About this exercise: Using the material below, print a verbatim copy of every line from the one containing "1Dei tilsette ved" through the one containing "Figura 4 – O", inclusive, and omit the pictures.

☆ ☆ ☆

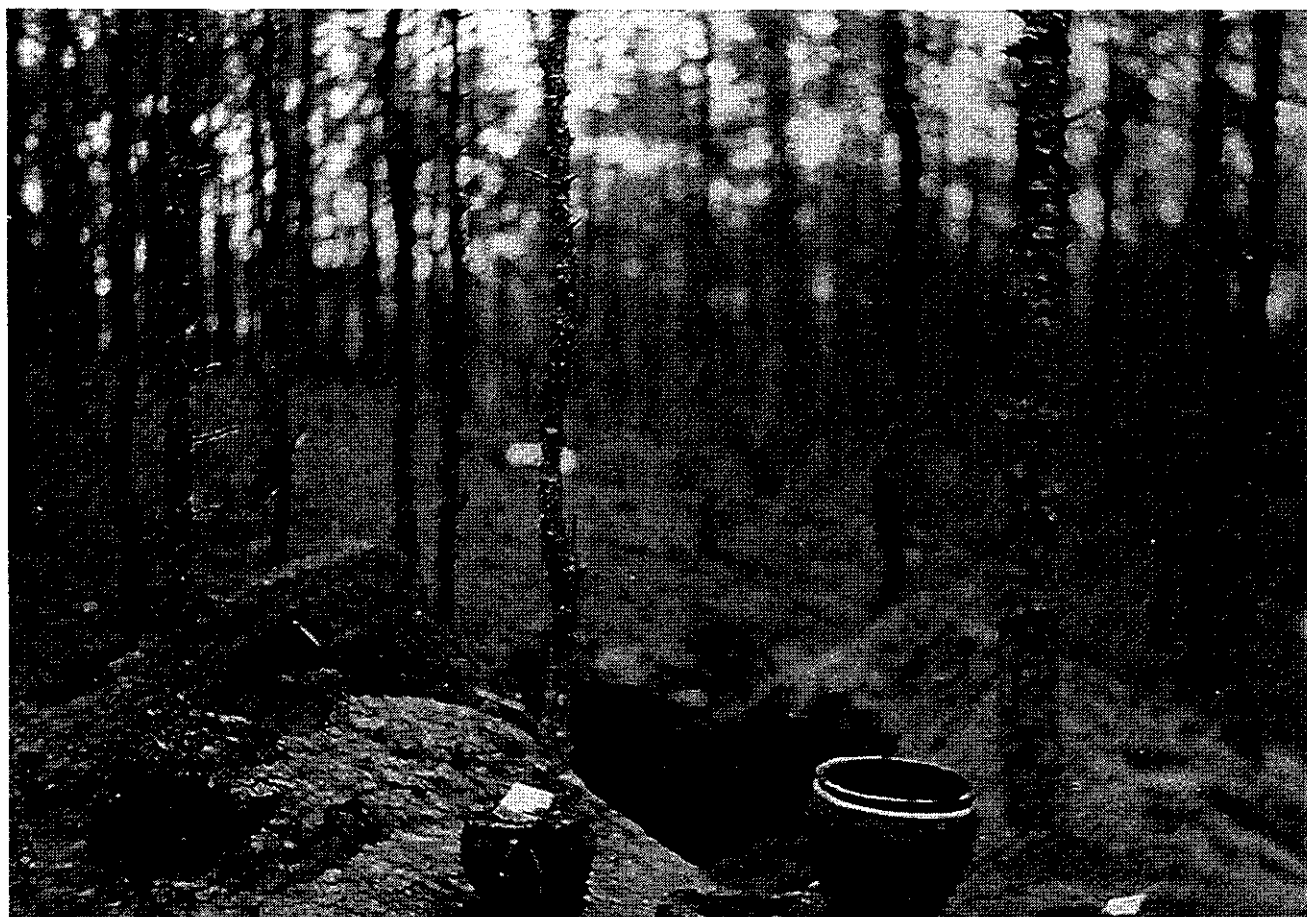
Een beeld van de opgravingen waarmee Frans Bloemen in 1917 is begonnen.
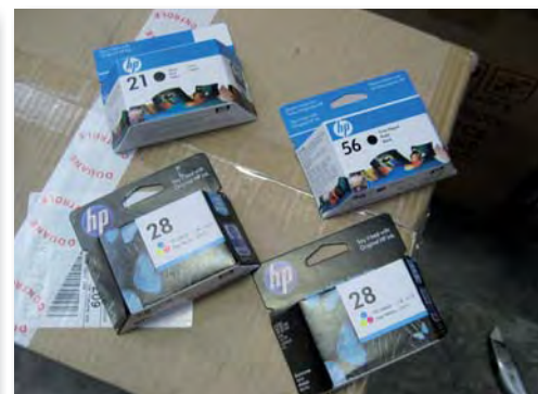
Les éléments révélateurs de la contrefaçon sont, entre autres, l'emballage.

en dents de scie. Ainsi, des mécanismes commerciaux obligeant les entreprises à suivre certaines procédures censées rendre la chaîne logistique plus transparente ont été mis en place. En échange, ces entreprises sont exemptées de contrôles. Or, on découvre aujourd'hui que ces 'green lanes' sont utilisées très assidûment par des entreprises malhonnêtes.
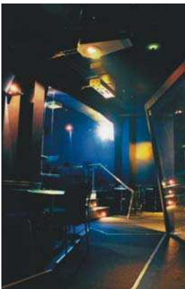
Bar „Future”, Constanța

Topografia operativă este cea latură a urbanismului înțeleasă ca mișcare strategică în sensul modelării ordonate a teritoriului.
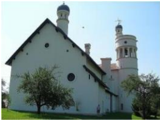
Slika: Plečnikova cerkev v Bogojini.

Med spomeniki moram omeniti Rotundo v Selu, Cerkev Gospodovega Vnebohoda v Bogojini, Cerkev sv. Martina v Martjancih; na področju naselbinske dediščine je to vas Filovci in na področju književne zapuščine Martjanska pesmarica. Glede naravne dediščine so posebej pomembni Ratkovski potok in potok Curek (mokrotni travniki) ter gozd v Motvarjevcih. Neprecenljiva naravna danost so vrelni termo-mineralne vode v Moravskih Toplicah.ž
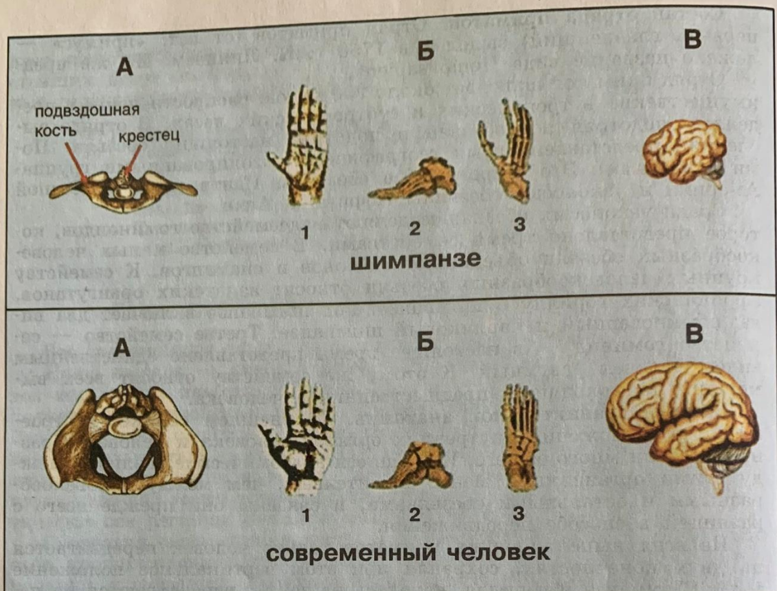
Рис. 90. Отличия в строении тела человека и шимпанзе.

А — поворот подвздошных костей таза; Б — изменения в строении кисти (1) и стопы (2, 3); В — изменения размеров и строения мозга
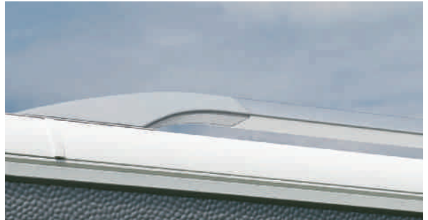
Barres de toit pour un fini irréprochable
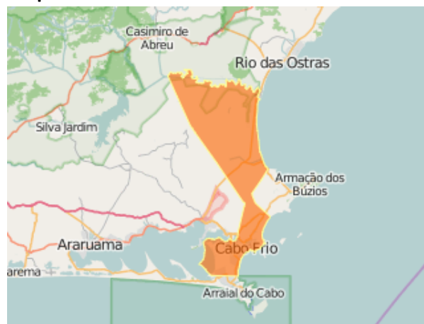
Figura 2 Mapa da Cidade de Cabo Frio

A investigação foi realizada na Escola Municipal Arlete Rosa Castanho, situada no Município de Cabo Frio, Estado do Rio de Janeiro.
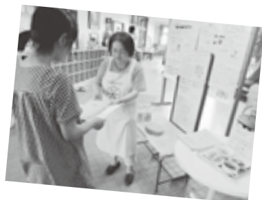
朝ごはん運動の様子
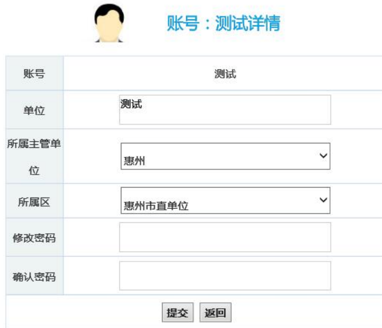
图 4-4-3 账号信息修改页面
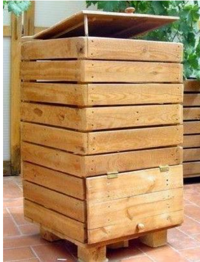
Figura 3. Composteira produzida com madeira reutilizada – pallets

Para melhor controle da temperatura e umidade, as composteiras podem possuir tampas e fundos, produzidos a partir do mesmo material, sendo necessário reposicionar as ripas de madeira para o completo fechamento. Na parte inferior, pode ser colocada uma lona impermeável para evitar a danos à composteira. Os controles de temperatura, umidade e revolvimento devem seguir as mesmas orientações aplicadas ao cenário 1.
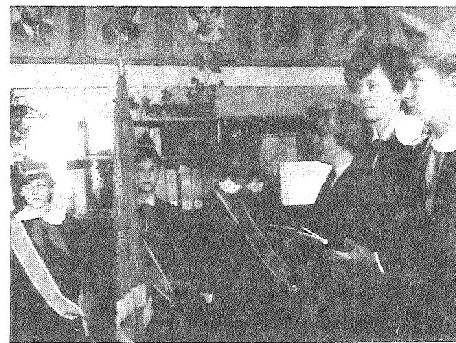
НА СНИМКАХ: школьная пионерская организация пополнилась новыми пионерами; ученики 3а класса на Празднике красного галстука; прощание с пионерской организацией в 8 классе; октябристы 2б класса — смелые пионеры.
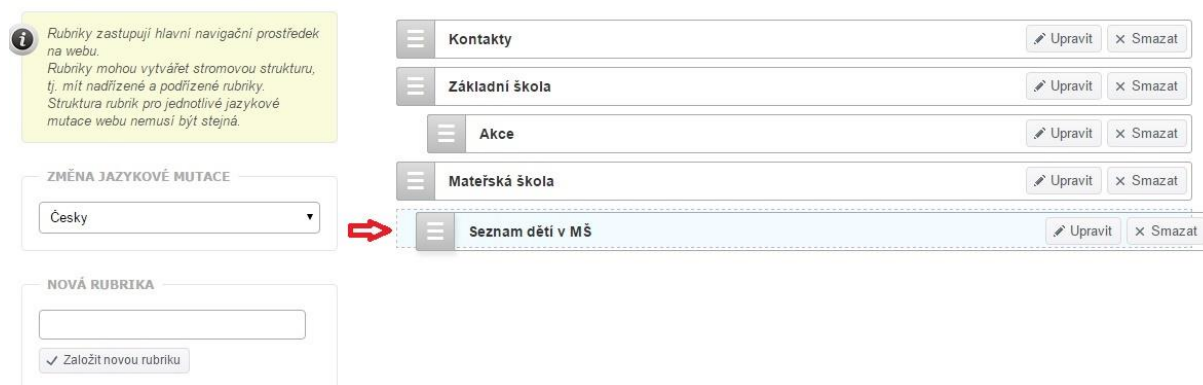
obr. 10 – Zařazení vytvořené podrubriky

Stejným způsobem vytvoříte i tzv. „podrubriku“, kterou pak tahem myši přetáhnete pod konkrétní rubriku, ke které má „podrubrika“ patřit.
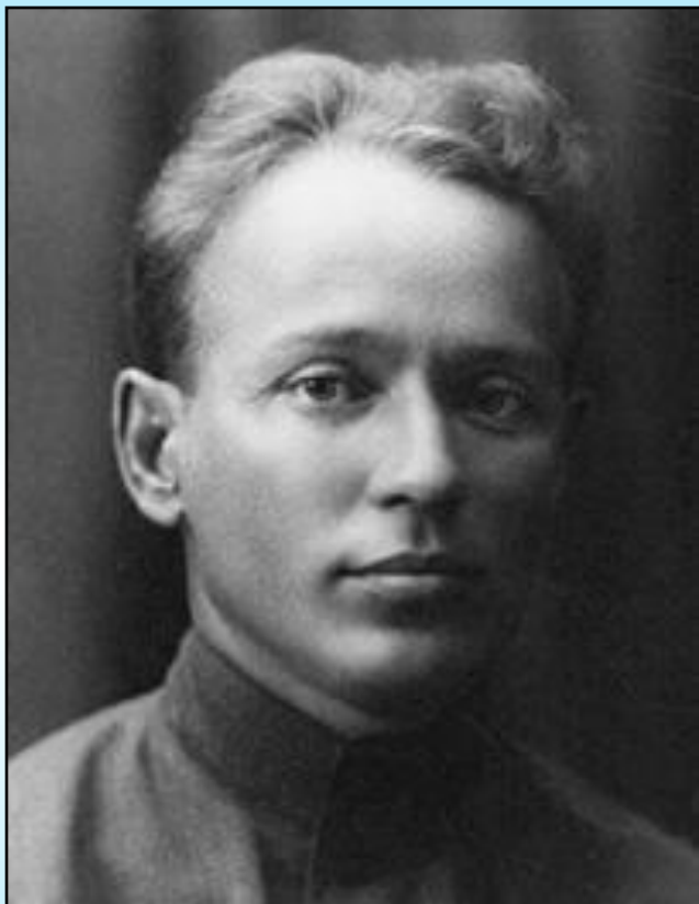
Михаил Шолохов в юношеские годы
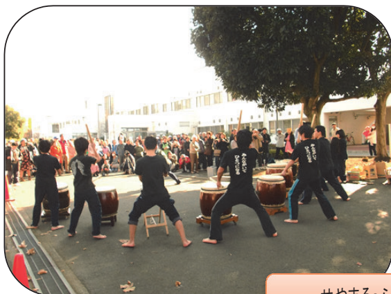
せやまる・ふれあい祭り 12/7
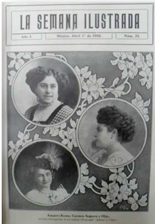
Fotografía 4. Portada La Semana Ilustrada .

Diario Ilustrado Independiente , 44 además del libro Hacia la verdad: Episodios de la Revolución de Gonzalo G. Rivero. 45 Tanto La Risa como La Actualidad fueron publicaciones, netamente de corte político, que señalaron su abierta oposición a la revolución maderista. La primera, es una vasta colección de caricaturas de la vida cotidiana y política del país.
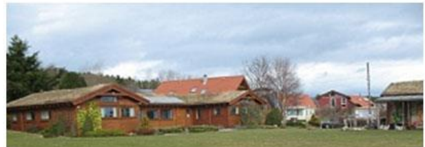
Slika 13. Gostinjska kuća sa travnatim krovom
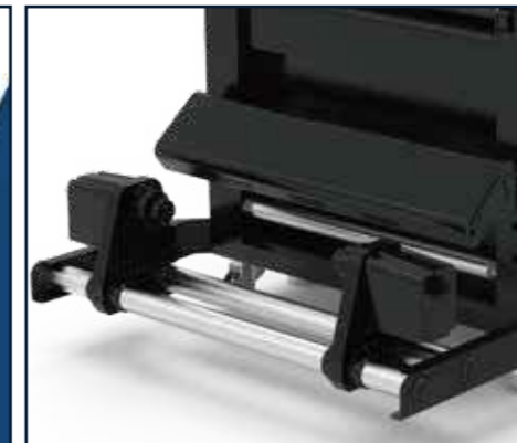
Sistema de alimentación de papel con doble potencia
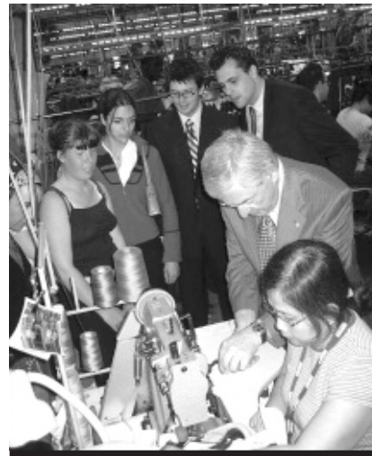
5 000 élèves ont participé au programme de visites d'entreprises des Manufacturiers et Exportateurs du Québec, en collaboration avec la FCSQ.
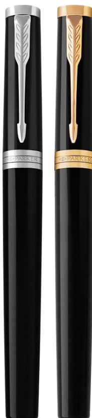
Ключевой ассортимент 2 отделки
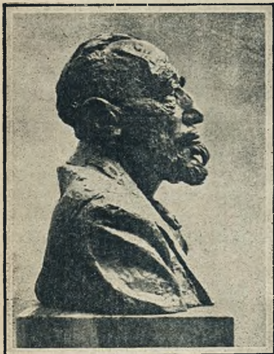
Popiersie znakomitego pisarza angielskiego, a rodaka naszego Korzeniowskiego-Conrada, wykonane przez Jakóba Epsteina, wybitnego rzeźbiarza angielskiego. O popiersie to toczą spór miasto Manchester i Nar. Galerja portretów zasłużonych anglików, znamiennem jest, że zarówno rzeźbiarz jak portretowany są Polakami.
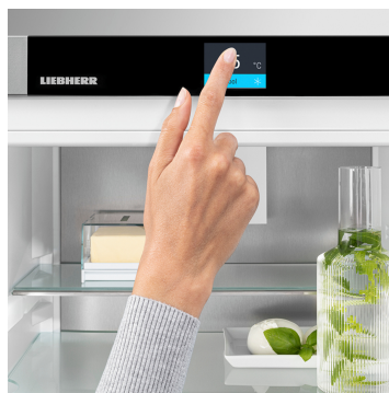
Touch & Swipe kijelző

Az optimálisan megvilágított belső térben örömet fogja lelni: a LightTower elemek előtérbe helyezik az élelmiszereket, és úgy vannak elhelyezve, hogy mindig maradéktalanul megvilágítsák a feltöltött hűtőszekrényt. Mivel a LightTower elemek az oldalfalak síkjában vannak beépítve, több hely marad az élelmiszerek számára.
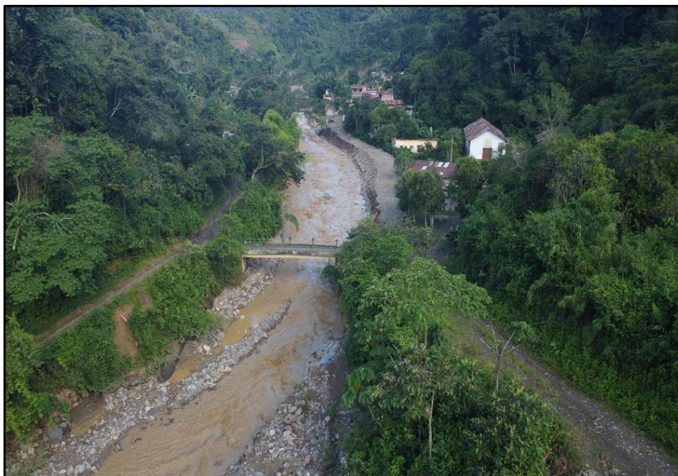
Vista del puente vehicular challuma
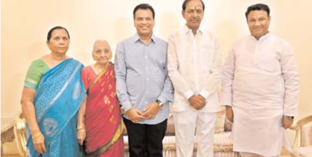
(నిజామాబాద్, ఇటీ సంగతి)
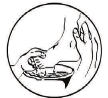
Die Fußwaschung (Joh 13) – das Logo der Gemeinschaft
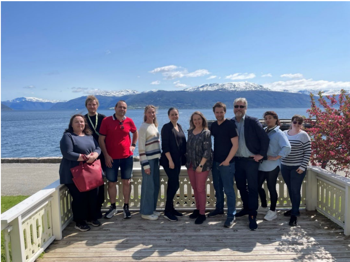
1Dei tilsette ved KAV på Kontaktkonferansen i Balestrand 2023.

Alle som jobbar for KAV er fast tilsett i Vestland fylkeskommune. Gjennom gjeldande tenesteavtale disponerer KAV desse stillingsressursane.
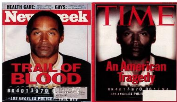
Figura 4 – O caso de O.J. Simpson na imprensa americana.

Gerou muita polémica, discussão e curiosidade dentro e fora do tribunal. Foi considerado o julgamento do século passado, um dos maiores escândalos dos anos 90, um exemplo de falhas na investigação e foi certamente o caso policial e judicial que teve maior publicidade na recente história da América contemporânea.

☆ ☆ ☆

Reply to the exercise:
1Dei tilsette ved KAV på Kontaktkonferansen i Balestrand 2023.

Alle som jobbar for KAV er fast tilsett i Vestland fylkeskommune. Gjennom gjeldande tenesteavtale disponerer KAV desse stillingsressursane.
Figura 4 – O caso de O.J. Simpson na imprensa americana.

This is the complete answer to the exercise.